Sunday, May 10, 2009

Miscellany: Reader's Game

Yes I do - I do read your blog - which blurs those boundaries between screen and page and digits and ink and conversation and literature and who you really are in your "real" life and who you are blogging, really. So, after going to the library with my eldest daughter this week, and hearing how she chooses books, I thought of a game for you and me. She chooses good books by opening some of the first pages and reading at random then any two paragraphs in sequence. By her method, I've found several wonderful books by a few incredible writers.

The game, then, is Guess whose book I've chosen.

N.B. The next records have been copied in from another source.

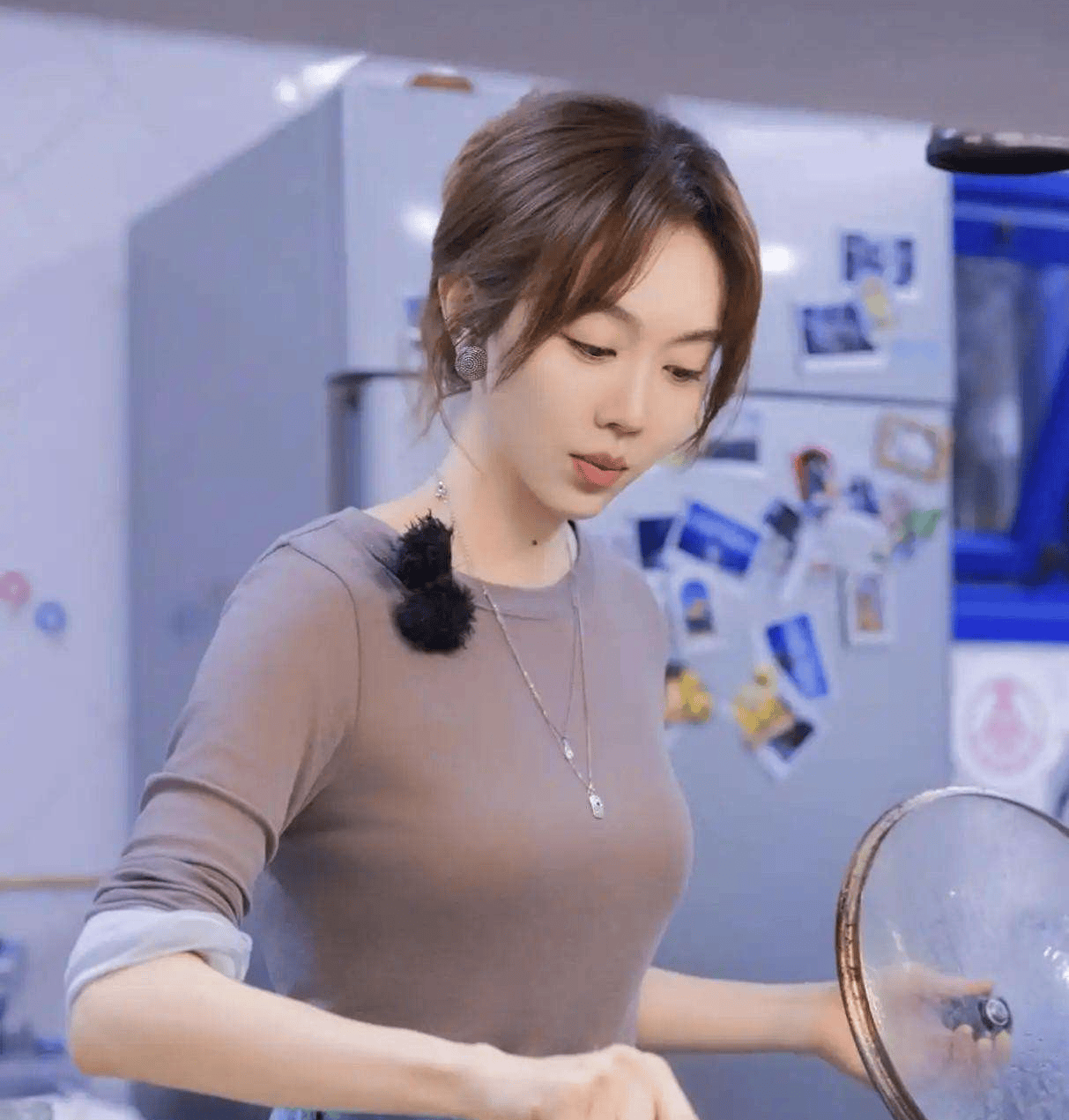 到姜妍的一组路透照,我真是被震撼到了!这位39岁的实力派女演员,穿着一套简单的灰紫色衣服去录制综艺节目,结果一出场就瞬间吸引了全场的目光。
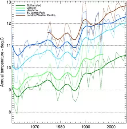 Abbildung 3: Jährliche Temperaturentwicklung an fünf Messstationen in und um London – die städtischen Standorte London Weather Centre (braun) und St. James Park (dunkelblau) zeigen das höchste Temperaturniveau, das ländliche Rothamsted (dunkelgrün) das niedrigste, dazwischen liegen die Stationen an den Flughäfen Heathrow und Gatwick, der jahrzehntelange Entwicklungstrend aber verläuft weitgehend parallel; Quelle: Jones et al. 2008
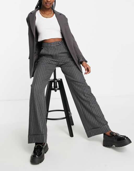 Bershka pinstripe maxi wide leg pants in grey
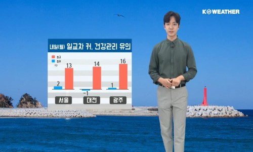 ³»ÀÏ(24ÀÏ‧¿ù) Àü±¹ÀÌ ´ëü·Î ±¸¸§ ¸¹Àº °¡¿îµ¥ ¹ãºÎÅÍ Èå·ÁÁö°Ú°í, ÃæÃ»µµ¿Í Àü¶óµµ´Â ¹ãºÎÅÍ ºñ°¡ ¿À°Ú´Ù. ºñ´Â ¸ð·¹(25ÀÏ‧È) Àü±¹ÀûÀ¸·Î È®´ëµÇ°Ú´Ù. ÇÑÆí ³»ÀÏ(24ÀÏ‧¿ù)Àº Àü±¹ÀÌ ¾ÆÄ§°ú ³·ÀÇ ±â¿Â Â÷°¡ Å©°ÚÀ¸´Ï °Ç°°ü¸®¿¡ À¯ÀÇÇØ¾ß°Ú´Ù. ³· µ¿¾È Àü±¹ÀÌ 10¡É ÀÌ»óÀÇ ±â¿Â º¸ÀÌ¸ç Æ÷±ÙÇϰڴÙ. ¹Î°£±â»ó±â¾÷ ÄÉÀÌ¿þ´õ´Â ¡°³»ÀÏ(24ÀÏ‧¿ù) ¿ì¸®³ª¶ó´Â ³²ÇØ»óÀ» Áö³ª´Â °í±â¾ÐÀÇ ¿µÇâÀ» ¹Þ´Ù°¡ ¼ÂÊ¿¡¼ ´Ù°¡¿À´Â ±â¾Ð°ñÀÇ ¿µÇâÀ» ¹Þ°Ú´Ù¡±¸ç ¡°µ¿ÇؾȰú ´ë±¸, °æºÏ ÀϺΠ³»·úÀº ´ë±â°¡ ¸Å¿ì °ÇÁ¶Çϰڴ١±°í ÀüÇß´Ù. ÄÉÀÌ¿þ´õ ¿¹º¸°ü°èÀÚ´Â ¡°³»ÀÏ(24ÀÏ‧¿ù)Àº °¿ø¿µµ¿À» Á¦¿ÜÇÑ ÁߺÎÁö¹æÀÇ Ãʹ̼¼¸ÕÁö ³óµµ°¡ ¡®³ª»Ý¡¯ ¼öÁرîÁö ¿À¸£°Ú´Ù¡±¸ç ¡°È£Èí±â °ü¸®¿¡ °¢º°ÇÑ ÁÖÀǰ¡ ÇÊ¿äÇÏ´Ù¡±°í ´çºÎÇß´Ù. * (ÃÊ)¹Ì¼¼¸ÕÁö ¿¹º¸ - WHO ±Ç°í±âÁØ : ÁߺÎÁö¹æ(¿µµ¿Á¦¿Ü) ¡®³ª»Ý¡¯ / ±× ¹ÛÀÇ Àü±¹ ¡®º¸Å롯 - ȯ°æºÎ ±âÁØ : Àü±¹ ¡®º¸Å롯 ¾ÆÄ§ ÃÖÀú±â¿Â -5~5¡É, ³· ÃÖ°í±â¿Â 10~17¡É ¿¡ ¸Ó¹°°Ú´Ù. ´ÙÀ½ ÁÖ Àü±¹ÀÌ ´ëü·Î Å« ÃßÀ§ ¾øÀÌ ¿ÂÈÇϰڴÙ. ¸ð·¹(25ÀÏ‧È)´Â Àü±¹¿¡ ºñ°¡ ¿À°Ú°í, °¿ø»ê°£Àº ´«ÀÌ ¿À°Ú´Ù. µ¿ÇØ¾È Áö¿ªÀº ÀÌÈÄ¿¡µµ ºñ°¡ °è¼ÓµÉ Àü¸ÁÀÌ´Ù.

Here are your clues - two paragraphs from two different books (the second is my mother's Mother's Day gift):

1.
A few weeks later, the same thing happened to Maw Hamrick, which is what I call Hugh's mother, Joan.  Her worm was a bit shorter than her son's, not that size really matters.  If I was a child and saw something creeping out of a hole in my mother's leg, I would march to the nearest orphanage and put myself up for adoption.  I would burn all pictures of her, destroy anything she had ever given me, and start all over because that is simply disgusting.  A dad can be crawling with parasites and somehow it's OK, but on a mom, or any woman, really, it's unforgiveable.

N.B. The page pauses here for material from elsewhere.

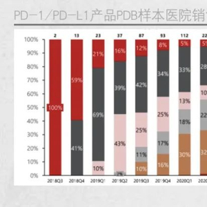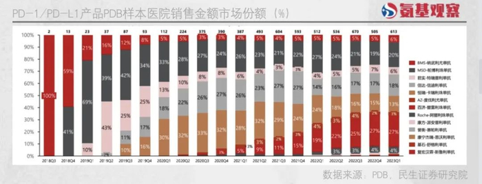 只是,优势并没有保持太长时间。此后,O药便被K药超越。随着国产PD-1的逐步上市,O药的处境更加艰难。如下图所示,在医院中其市场份额一度下滑至3%。
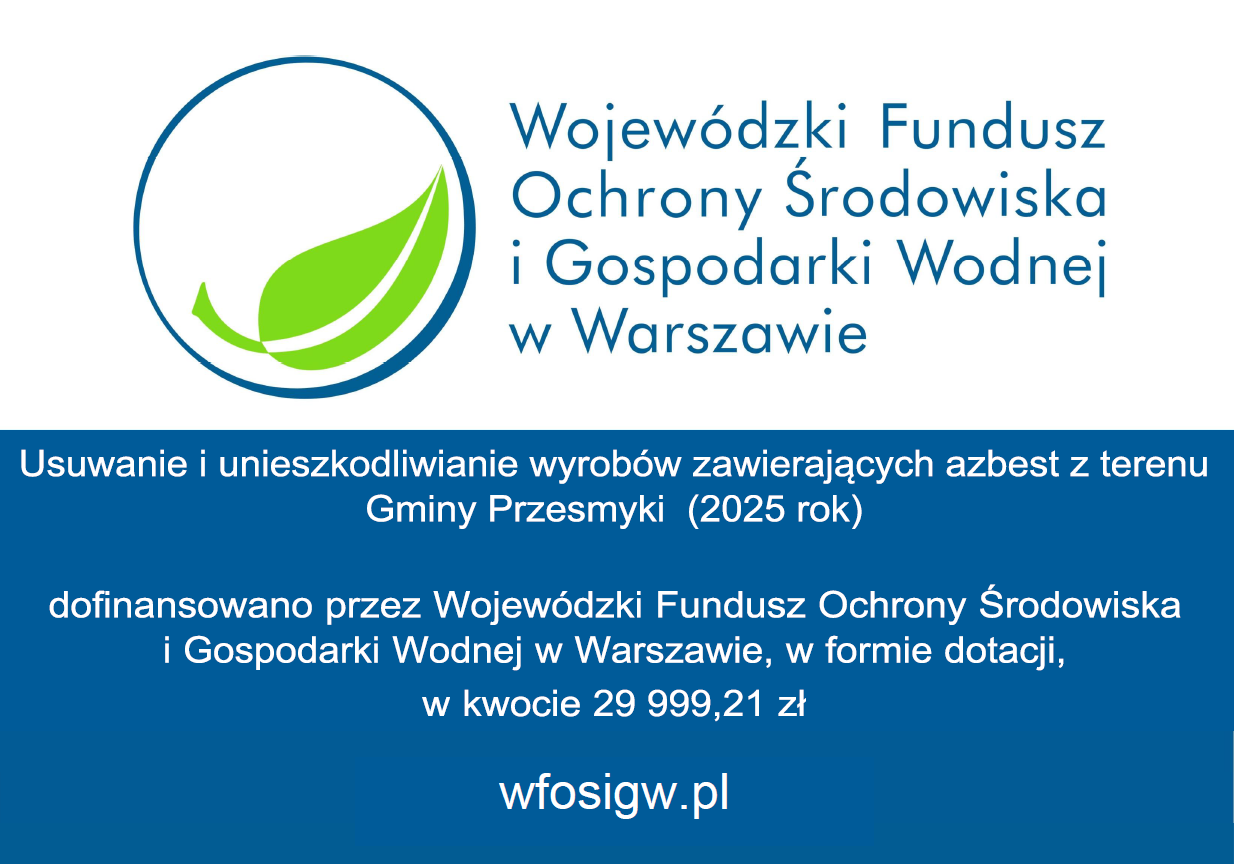16 lipca 2025 roku Pan Wójt Marek Zalewski i Skarbnik Gminy Pani Agnieszka Przestrzelska podpisali umowę o dofinansowanie z Wojewódzkim Funduszem Ochrony Środowiska i Gospodarki Wodnej w Warszawie, reprezentowanym przez Prezesa Zarządu Pana Zbigniewa Deptułę, na realizację zadania pn. „Usuwanie i unieszkodliwianie wyrobów zawierających azbest z terenu Gminy Przesmyki (2025 rok)”. W ramach przedsięwzięcia usuniemy i zutylizujemy 46,36 Mg wyrobów zawierających azbest, pochodzących od mieszkańców Gminy Przesmyki, na co otrzymaliśmy dofinasowanie w kwocie 29.991,21 zł.

"Well, that's sort of chauvinistic of you, don't you think?" Maw Hamrick said.  She'd come to Paris for Christmas, as had Lisa and her husband, Bob.  The gifts had been opened, and she was collecting the used wrapping paper and ironing it flat with her hands.  "It was just a guinea worm.  People got them all the time."  She looked towards the kitchen, where Hugh was doing something to a goose. "Honey, where do you want me to put this paper?"

2.

Dear Sidney,

Susan Scott is a wonder.  We sold over forty copies of the book, which was very pleasant, but much more thrilling from my standpoint was the food.  Susan managed to procure ration coupons for icing sugar and real eggs for the meringue.  If all her literary luncheons are going to achieve these heights, I won't mind touring about the country.  Do you suppose that a lavish bonus could spur her on to butter?  Let's try it--you may deduct the money from my royalties.

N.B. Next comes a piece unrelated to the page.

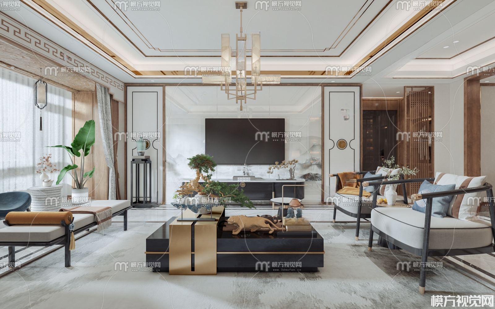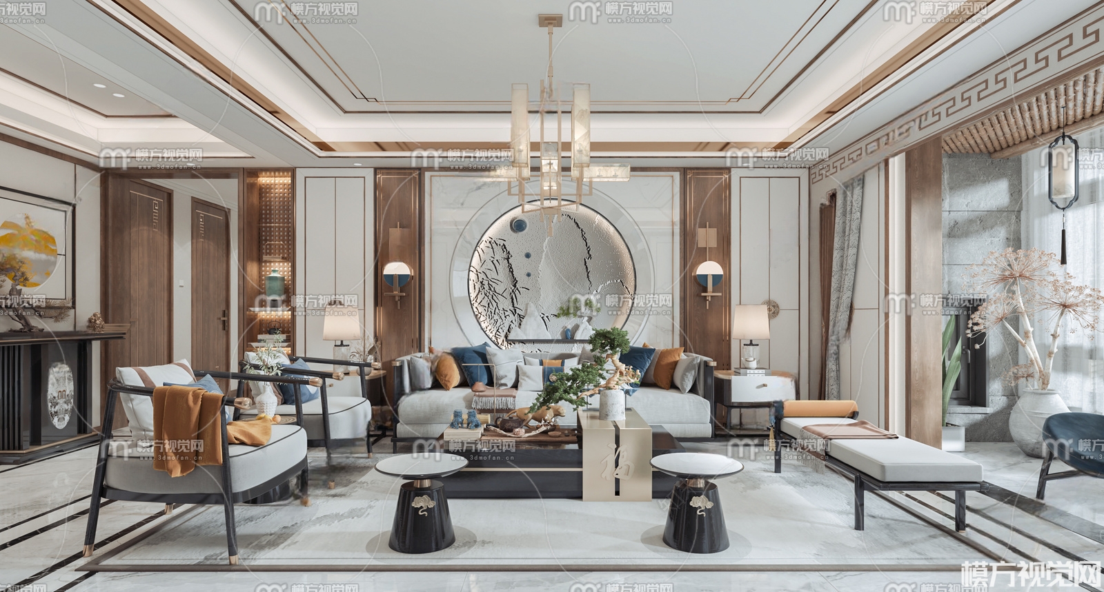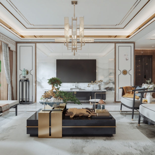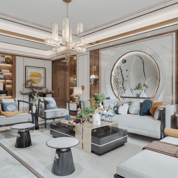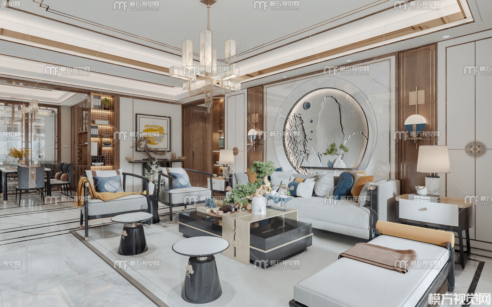 新中式客餐厅3D模型(ID:0011068)
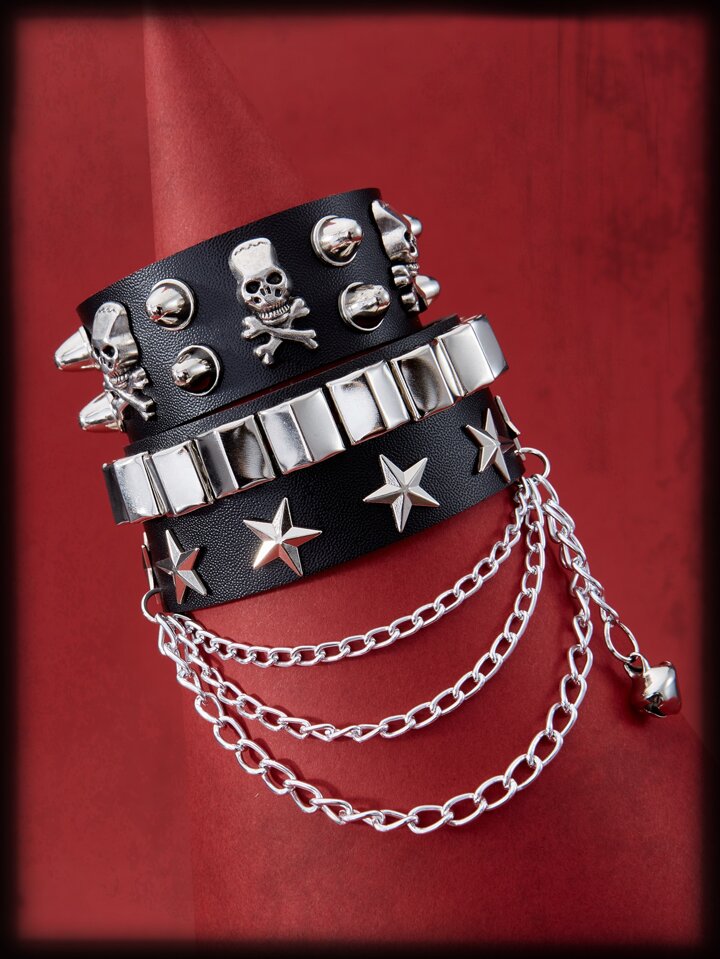 Grunge Punk Kpop 2pcs Star & Skull Decor Bracelet

Now for my grim news.  You asked me how work on my new book is progressing.  Sidney, it isn't.
When I went to the store to buy book 2 for Mom, there was an updated edition in which the second author praises her co-author who had just passed away.  Here, then, are additional clues for you from book 2 (a passing from fiction to factual reflections):
I grew up in a family of storytellers. In my family, there is no such thing as a yes-or-no question, a simple answer, or a bald fact. You can't even ask someone to pass the butter without incurring a story, and major holidays always end with the women gathered around the table, weeping with laughter, while our husbands sit in the next room holding their heads.

Obviously, with so much practice, my family is rich in fine storytellers but my aunt Mary Ann Shaffer was the jewel in our crown. What was it about Mary Ann turning a tale? She was one of the one of the wittiest people I ever met, but wit wants the essence of her gift. Her language was lustrous, her timing was exquisite, her delivery was a thing of beaty and a joy forever, but none of these reaches to the center of her charm. That, it seems to me, was her willingness to be delighted by people--their phrases, their frailties, and their fleeting moments of granduer. Together with her delight was the impluse to share it; she told stories so that the rest of us, listening, could be delighted with her, and, time and again, she succeeded.

Of course, now you have the name of one of the authors of book 2, so the game's almost done for you, right? Let me give one more hint of the wonder of the book:  it's a novel composed entirely of letters (except for those author's notes), which means you'll be reading somebody else's mail if you read it (and reading somebody's praise for somebody who might just have been delighted with you, and with me).

So who wrote these books, and what are they?